Personal information
- Full name: Adam Garton
- Born: 17 January 1962 (age 64)
- Original team: Glenelg (SANFL)
- Draft: No. 27, 1986 national draft
- Height: 194 cm (6 ft 4 in)
- Weight: 94 kg (207 lb)

Playing career^{1}
- Years: Club / Games (Goals)
- 1982–1986 & 1989: Glenelg / 90 (72)
- 1987–1988: Brisbane Bears / 03 0(1)
- ^{1} Playing statistics correct to the end of 1989.

= Adam Garton =

Australian rules footballer (born 1962)

Adam Garton (born 17 January 1962) is a former Australian rules footballer who played with the Brisbane Bears in the Victorian Football League (VFL).

Originally from ACT AFL club West Canberra, Garton was a member of Glenelg's back to back South Australian National Football League (SANFL) premiership winning teams in 1985 and 1986. He contributed four goals in their 1985 grand final win over North Adelaide.

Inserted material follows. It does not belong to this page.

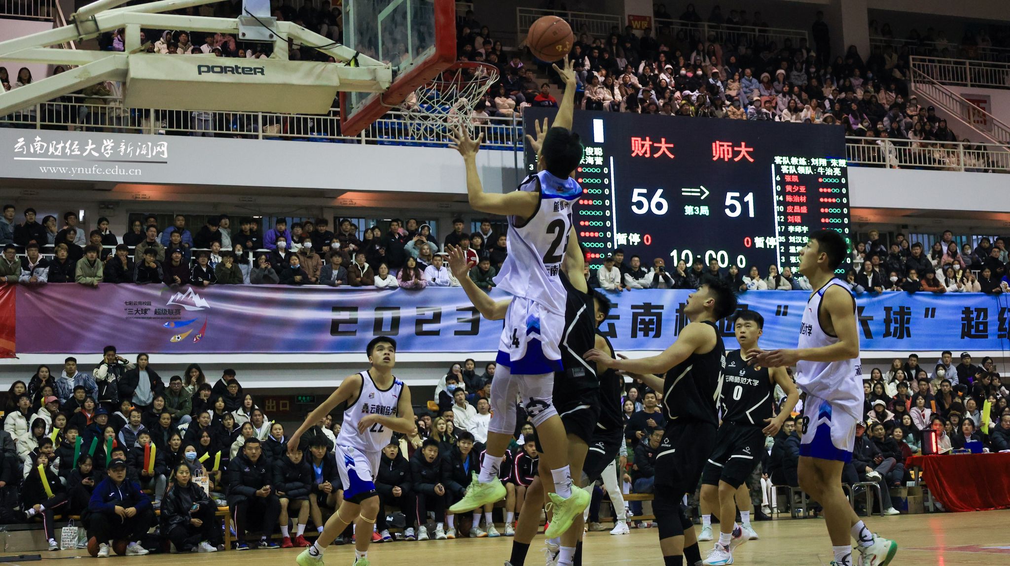 1月3日晚,第26届中国大学生篮球(一级)联赛云南赛区冠军争夺赛暨闭幕式在我校南院体育馆主馆举行,我校高水平男子篮球队对阵云南师范大学队并最终以94:84战胜对手,夺得总冠军,实现队史第8冠。云南省教育厅厅长、党组书记,省委教育工委副书记王云霏为我校获奖运动队颁奖。

Garton joined Brisbane for their inaugural VFL season in 1987, having been picked up from Glenelg with the 27th selection of the 1986 VFL Draft. Garton, now aged 25, made his league debut in a 103-point loss to Carlton and during the match kicked his only VFL goal. He appeared again the following week when the Bears met the Sydney Swans at Carrara but would have to wait until 1988 to play his third and final game, against Melbourne on the MCG.

After leaving the Bears, Garton returned to Glenelg for one season before moving back to Queensland and has been involved with the Southport Australian Football Club as both a board member and interchange steward. Garton runs an architecture firm in Brisbane.